Ao tolerar ditadura, Brasil sinaliza que poderá fazer o mesmo, diz Filomeno Lopes

O Bloco Democrático, uma das mais novas forças de oposição em Angola, espera do Brasil, maior país de língua portuguesa e importante parceiro de Luanda, que se pronuncie "claramente" contra a repressão do governo de José Eduardo dos Santos –há 36 anos no poder– a opositores.

"Ao tolerarmos Estados ditatoriais, estamos dando um sinal de que o poder [governo] brasileiro também pode fazer a médio e longo prazo o mesmo com seu próprio povo", disse à Folha, em São Paulo, Filomeno Vieira Lopes, 61, secretário-geral do partido, criado em 2010, mas que já tem projeção internacional como uma voz opositora independente.

O pedido de manifestação se refere, em especial, ao caso de 15 ativistas detidos em junho, acusados de tramar um golpe de Estado.

A oposição acusa o governo de ter torturado os jovens, que respondem a julgamento em prisão domiciliar desde dezembro.

Leia abaixo a entrevista de Lopes.*

Folha - Como o Sr. avalia a situação econômica e política em Angola hoje?

Filomeno Vieira Lopes – Angola é um país dependente do petróleo –97% das receitas do Estado provêm do petróleo.

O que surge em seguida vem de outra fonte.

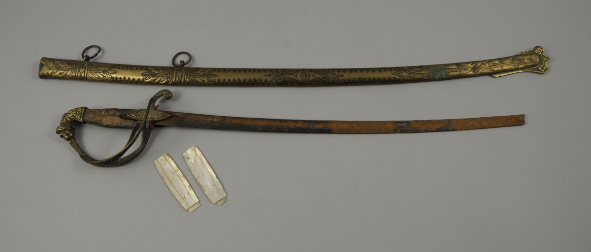 MODÈLE D'OFFICIER DE CAVALERIE. Monture en laiton, garde à la chasseur à trois branches unies (bris). Décor de branches de laurier et palmettes. Poignée crosse à tête de lion. Lame courbe à dos plat (brisée, oxydation). Fourreau en laiton repoussé d'un riche décor de feuillages stylisés à deux anneaux de bélières.

Com a queda do preço do barril, houve uma forte queda de receita, que levou a uma crise enorme nas finanças públicas. Esta vai levar a uma crise econômica de grandes proporções. Toda a atividade econômica da construção civil, agricultura estava sendo financiada pelo petróleo. O aumento tem impacto até no pastel de bacalhau. Os transportes públicos subiram 50% e isso está criando uma situação crítica.

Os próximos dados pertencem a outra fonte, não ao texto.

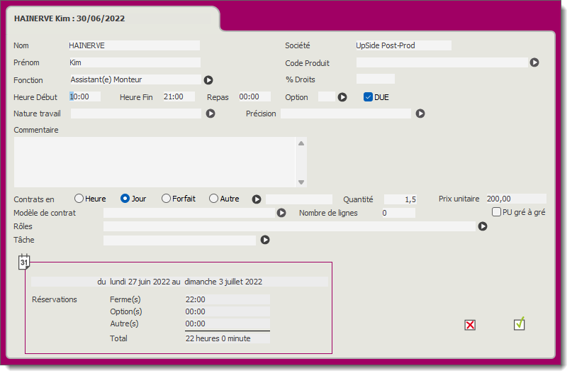 Chargé de Production (CP) : ce champ est renseigné par le choix de l’affaire mais peut être modifié pour la ou les réservations en cours de saisie grâce au PopUp disponible.

A situação financeira agravou alguns indicadores econômicos que já não eram bons, como o desemprego e a inflação, que está chegando nos 13%. Angola é um dos países com indicadores mais graves da África subsaariana em termos de mortalidade infantil, analfabetismo, acesso a água potável. Isso vai levar a uma situação de pobreza cada vez maior.

Angola vai ter que recorrer eventualmente, como já o faz, ao mercado de capitais internacional, o que vai criar um novo problema: uma dívida externa extremamente alta.

Diante da crise econômica, a repressão política tende a se acirrar?

Essas crises podem conduzir a uma crise política. A resposta [do governo] tem sido fundamentalmente a repressão e o calar de vozes a quem faz alguma crítica. As liberdades são cada vez menos consentidas.

Cada vez mais os parlamentares da oposição, por exemplo, não conseguem desempenhar as funções que aparentemente são garantidas pela Constituição, como a de fiscalizar o Executivo. Se eles quiserem fazê-lo, terão que pedir licença ao presidente, e ele poderá dar ou não a autorização para que haja fiscalização do Executivo.

Quando teve início a Primavera Árabe no norte da África, alguns chegaram a prever também uma 'Primavera Angolana'. O momento para isso já passou? Ou a crise econômica de agora é uma oportunidade para a mudança?

Estamos num Estado de pobreza, em que a juventude não tem oportunidades, grande parte não tem capacidade econômica de ir para uma universidade. Começa, portanto, a surgir uma juventude indignada. Uma juventude que, quando era criança, foi educada pelo próprio MPLA [partido do governo] num sistema completamente diferente, que pregava a honestidade, o desenvolvimento equilibrado, oportunidades para todos. E hoje eles entram em choque com essa situação.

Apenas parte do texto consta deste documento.